[[ Record extracts, beginning ]]

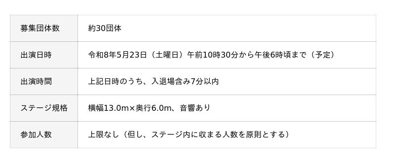 姫路城下にある大手前公園(メイン会場)にある特設ステージにて、多くの観客が笑顔になる楽しい演出を披露いただける団体からの応募を期待します。
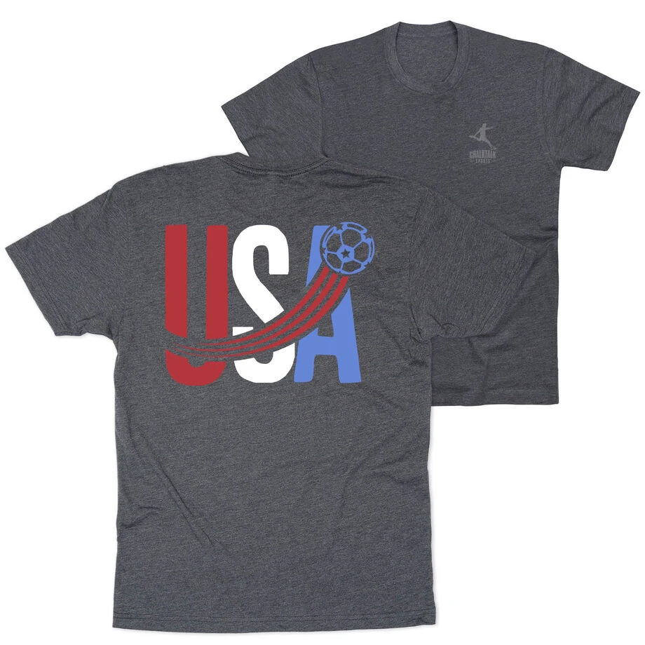 Wear your favorite patriotic soccer design on the BACK of your shirt with a smaller design on the front. Show off your soccer pride with this bold and stylized short sleeve t-shirt. It’s a great soccer gift idea for any player who just can’t get enough of that ultimate sport lifestyle. It makes for the perfect end of season gift or any special occasion. Coming in a variety of colors and unique designs these are a great wardrobe collection.
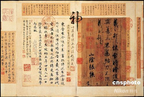 為慶祝故宮博物院院慶,臺(tái)北故宮將于十月十日舉辦《晉唐法書名跡》特展。將唐摹《快雪時(shí)晴帖》、《平安何如奉橘帖》與《遠(yuǎn)宦帖》三件珍貴墨跡同時(shí)展出,這在故宮的歷史上尚屬首次。中新社發(fā) 耿軍 攝
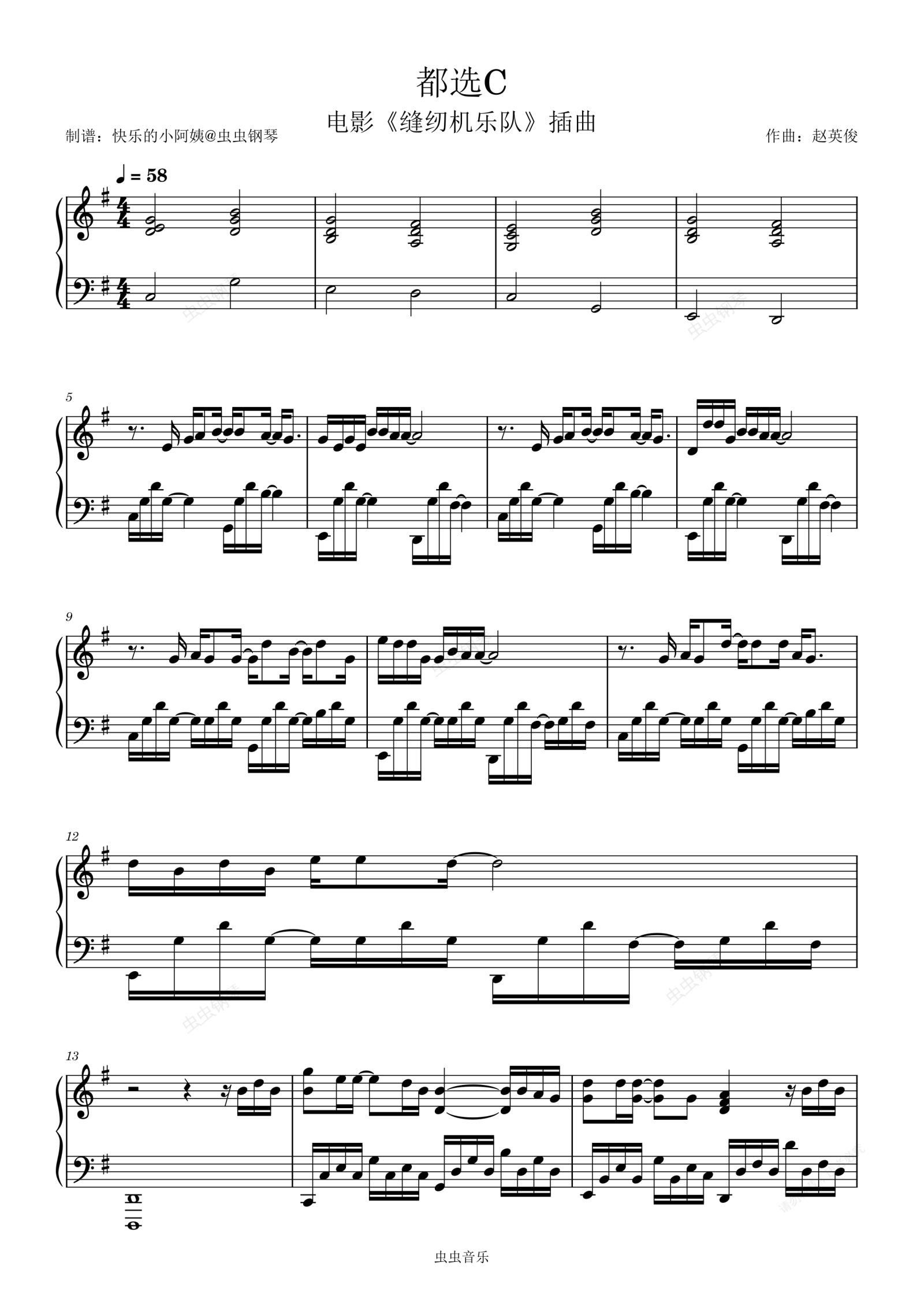 钢琴谱:都选C(缝纫机乐队 插曲)
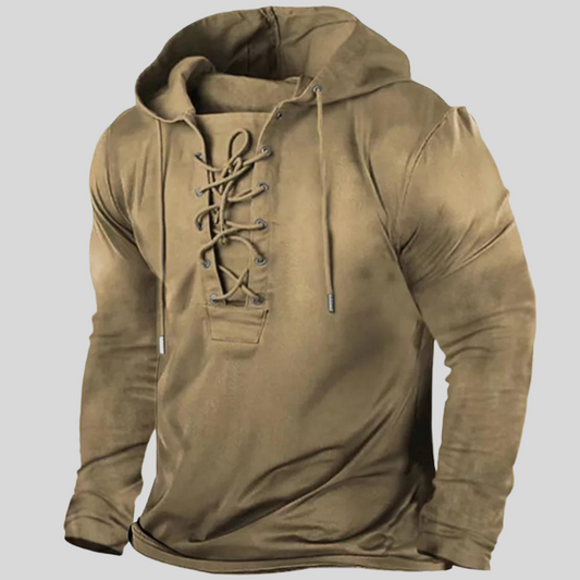 Men's Sweater - Long-Sleeved Lace-Up - Durable and Rustic - With Front Pockets
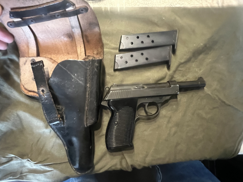 Hier diese Erma EGP 881 Kal.35 PTB 477 mit Holster und 2 Magazinen.
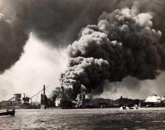| Keywords: USS Shaw burning in drydock prior to explosion 80G32719.jpg Pearl Harbor attack- Stern of USS Shaw DD-373 in floating drydock YFD-3 Shaw is has been attacked and fires are out of control which will later result in her forward magazine detonating Bow of USS Nevada is partly visible at far right of photo with tugboat Hoga tied up at the bow pouring water onto the Nevada fires source of image and caption text http //www de220 com/Pearl 20Harbor/Pearl 20Harbor htm NARA Photo 80-G-32719 User Makthorpe PD-USN USS Shaw DD-373 during the Pearl Harbor attack Yard Floating Dry Dock YFD-2 |

[[ Record extracts, end ]]

Task item → Pictures aside, transcribe exactly the lines from the line containing "钢琴谱:都选C(缝纫机乐队 插曲)" through the final line of the material above.

Worked solution →
 钢琴谱:都选C(缝纫机乐队 插曲)
 Men's Sweater - Long-Sleeved Lace-Up - Durable and Rustic - With Front Pockets
 Hier diese Erma EGP 881 Kal.35 PTB 477 mit Holster und 2 Magazinen.
| Keywords: USS Shaw burning in drydock prior to explosion 80G32719.jpg Pearl Harbor attack- Stern of USS Shaw DD-373 in floating drydock YFD-3 Shaw is has been attacked and fires are out of control which will later result in her forward magazine detonating Bow of USS Nevada is partly visible at far right of photo with tugboat Hoga tied up at the bow pouring water onto the Nevada fires source of image and caption text http //www de220 com/Pearl 20Harbor/Pearl 20Harbor htm NARA Photo 80-G-32719 User Makthorpe PD-USN USS Shaw DD-373 during the Pearl Harbor attack Yard Floating Dry Dock YFD-2 |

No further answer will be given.